Bi-connected components are maximal subgraphs with no articulation points (bridges). Removing any single node doesn't disconnect the component.

**Application**: Network resilience analysis

**Not yet implemented** in aprender (future roadmap).

### Condensation Graph

The condensation graph represents SCCs as nodes, with edges between SCCs.

```text
Original:  0 → 1 ⇄ 2      Condensation:  {0} → {1,2} → {3}
           ↓       ↓
           3 ←─────┘
```

**Property**: Condensation is always a DAG

**Use Case**: Simplify graph analysis by collapsing cycles

### Parallel Algorithms

DFS is inherently sequential (stack-based), but components can be parallelized:

- **Parallel Union-Find**: Use concurrent data structures for find/union
- **Parallel SCCs**: Multiple independent DFS starting points
- **Parallel Topological Sort**: Level-based parallelization

**Not yet implemented** in aprender (future optimization).

## See Also

- [Graph Algorithms](./graph-algorithms.md) - Centrality and structural analysis
- [Graph Pathfinding](./graph-pathfinding.md) - Shortest path algorithms
- [Graph Link Prediction](./graph-link-prediction.md) - Community detection and link analysis
- [Graph Examples](../../../examples/graph_social_network.rs) - Practical usage examples

## References

1. Tarjan, R. E. (1972). "Depth-first search and linear graph algorithms." *SIAM Journal on Computing*, 1(2), 146-160.

2. Tarjan, R. E. (1975). "Efficiency of a good but not linear set union algorithm." *Journal of the ACM*, 22(2), 215-225.

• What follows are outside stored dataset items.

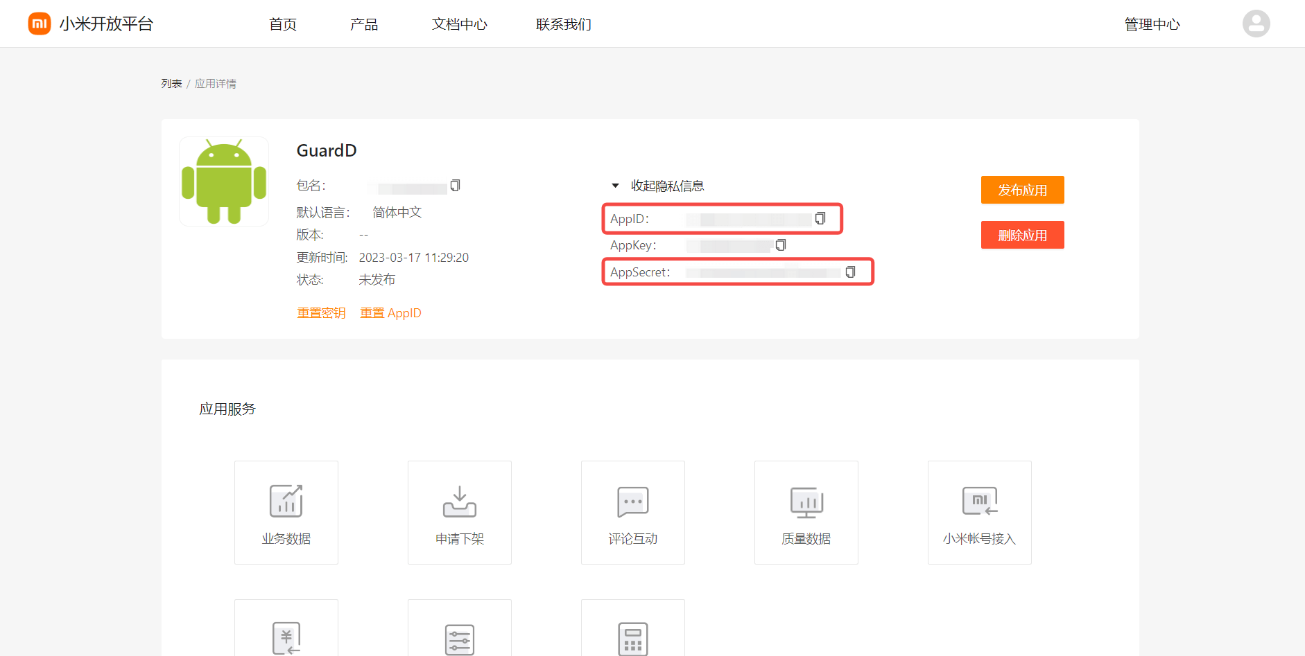 | AppID | 上一步获取的 小米 应用 ID。 |
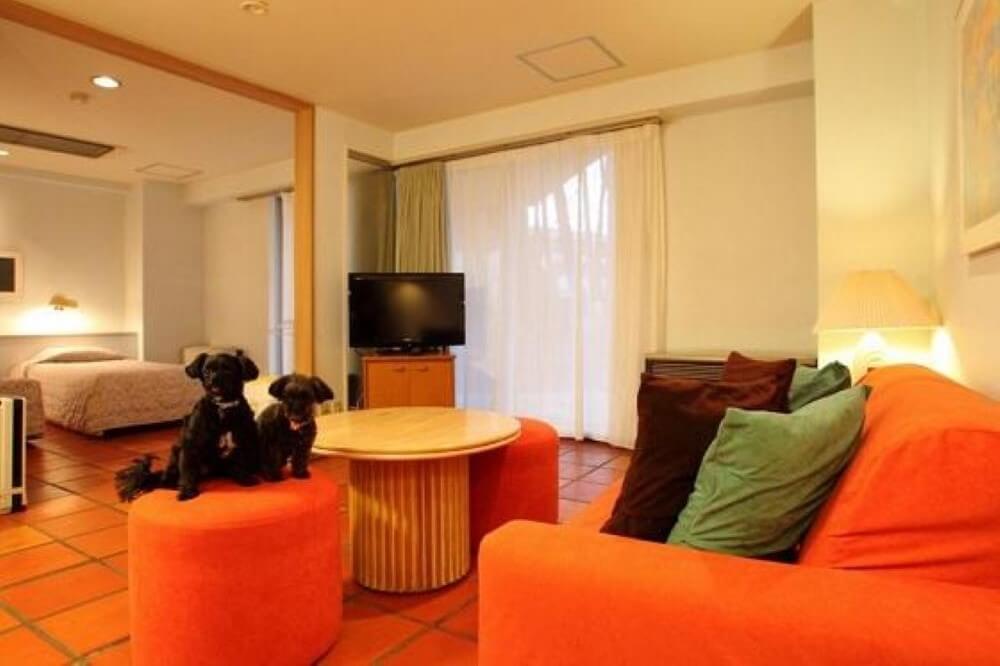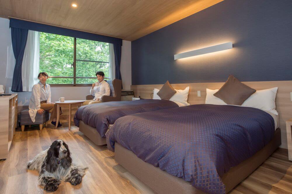 河口湖の森の中にある「フジプレミアムリゾート」は愛犬連れにおすすめのリゾートホテルです。ペットと一緒に泊まれる「わんの宿」「わんヴィレッジ」があり、広い客室で愛犬と一緒でも快適にくつろぐことができます。
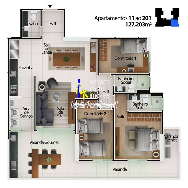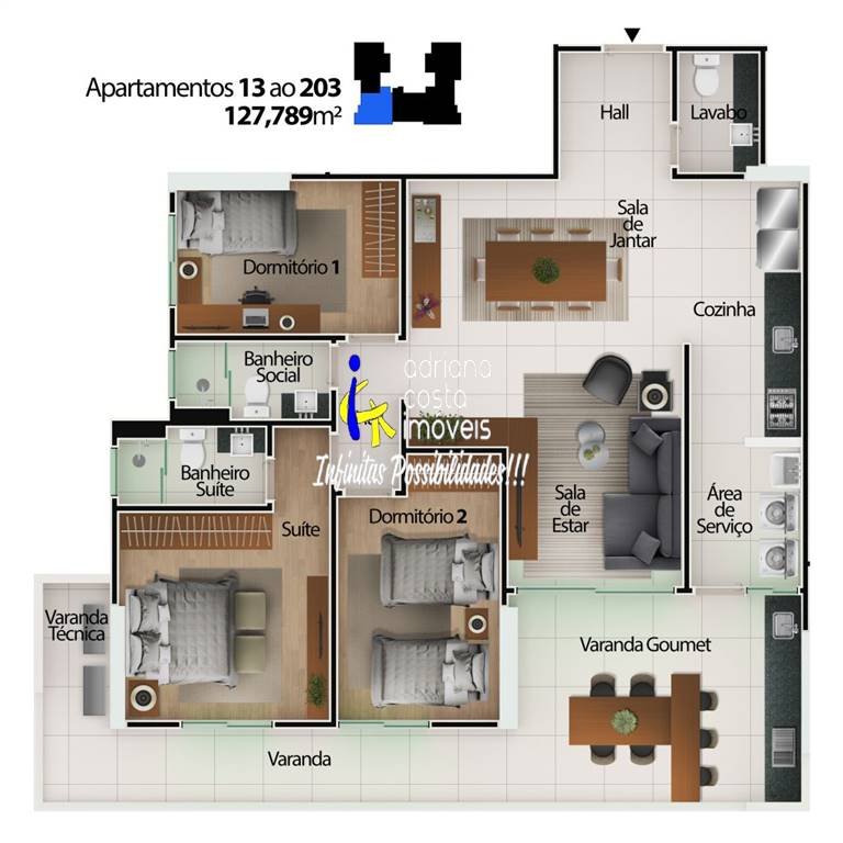 Área Útil127,78m²
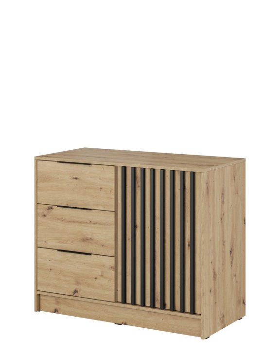 Culoarea stejarului artizanal și lamelele verticale decorative negre îi oferă un contrast elegant.
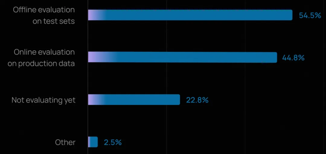 大多数团队仍从离线评估入手(因其门槛较低、设置更清晰),但许多正在叠加多种方法。在开展评估的组织中,近四分之一同时使用离线和在线评估。
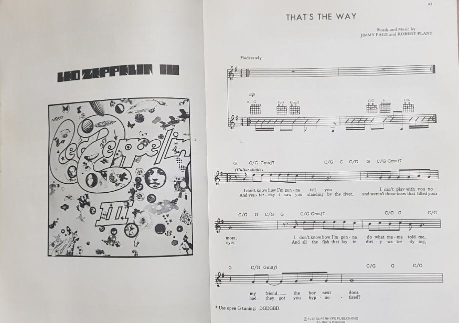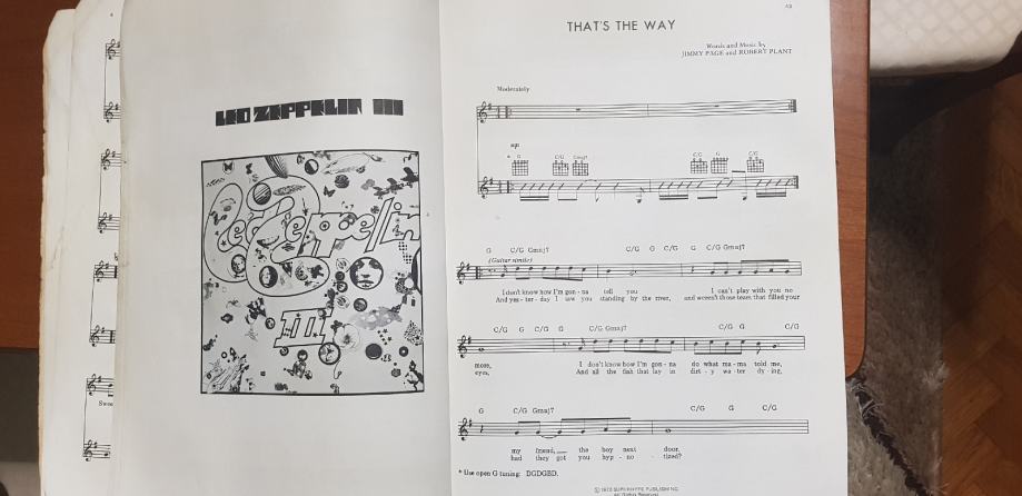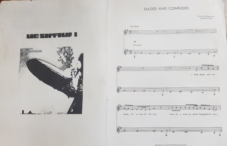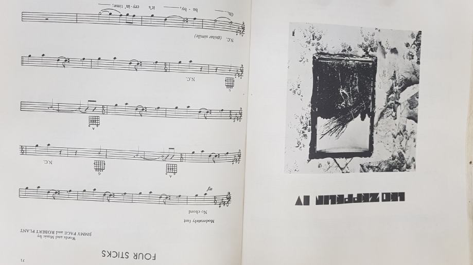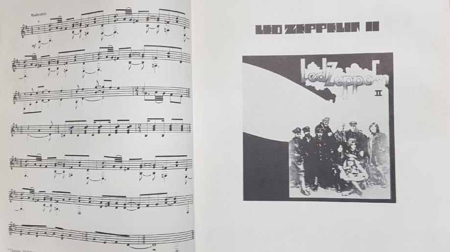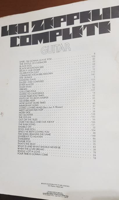 Tekstovi pjesama i Notni zapis za solo gitaru, za 6 albuma legendarne grupe Led Zeppelin na 152 stranice, velikog formata.Izdanje Superhype Publishing 1969 & 1975. Words and Music by Jimmy Page, Robert Plant, John Bonham, John Paul Jones, Memphis Minni......
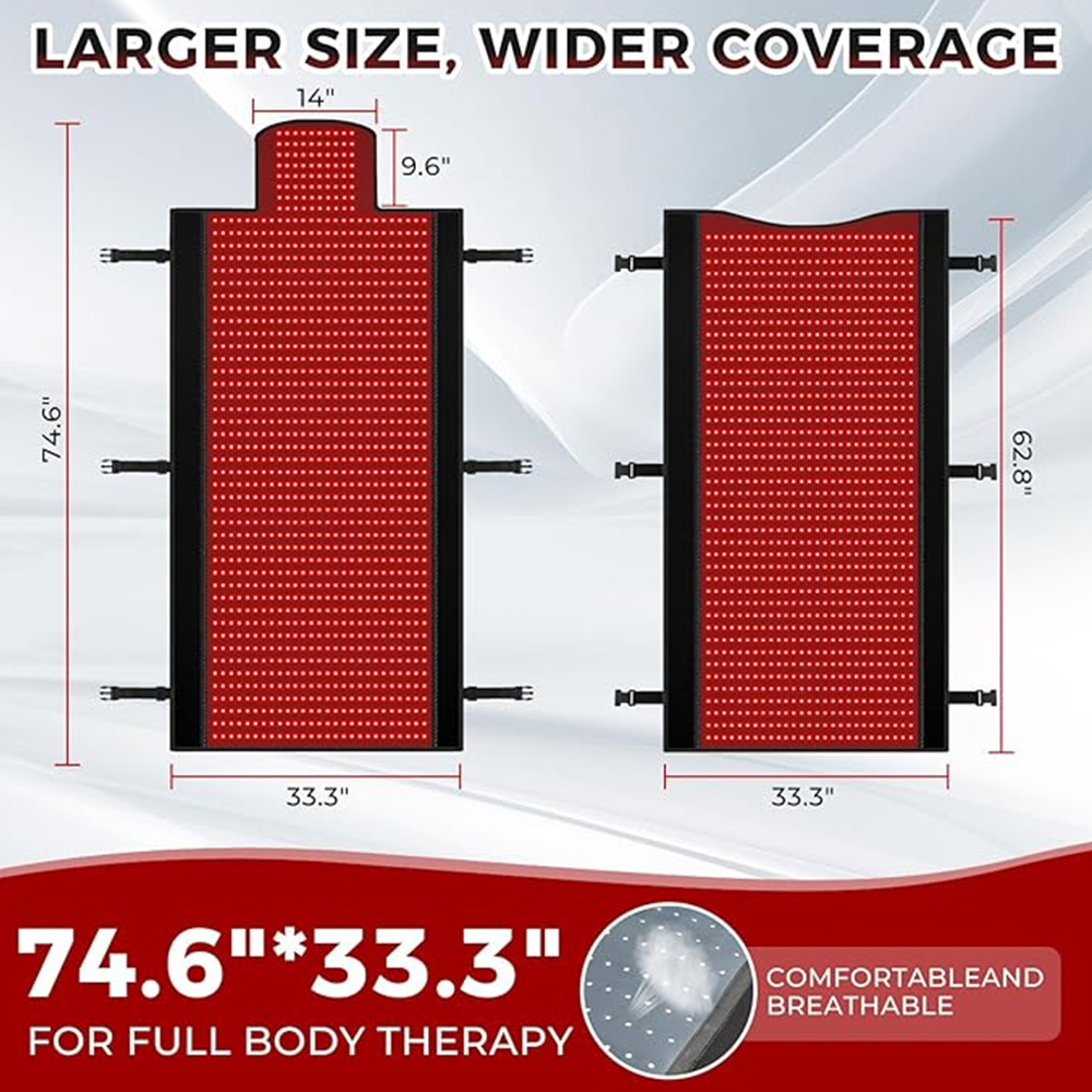 - Full-Body Coverage: Experience total body relaxation with our 74.6” x 33.3” red light therapy mat, designed to deliver comprehensive red light therapy at home. Its large rectangular surface includes extended therapy zones for the neck and head, ensuring a fully immersive therapy session

3. Cormen, T. H., et al. (2009). *Introduction to Algorithms* (3rd ed.). MIT Press.
   - Chapter 22: Elementary Graph Algorithms (DFS, topological sort)
   - Chapter 21: Data Structures for Disjoint Sets (Union-Find)

4. Knuth, D. E. (1997). *The Art of Computer Programming, Volume 1: Fundamental Algorithms* (3rd ed.). Section 2.3.3: Topological Sorting.

5. Sharir, M. (1981). "A strong-connectivity algorithm and its applications in data flow analysis." *Computers & Mathematics with Applications*, 7(1), 67-72.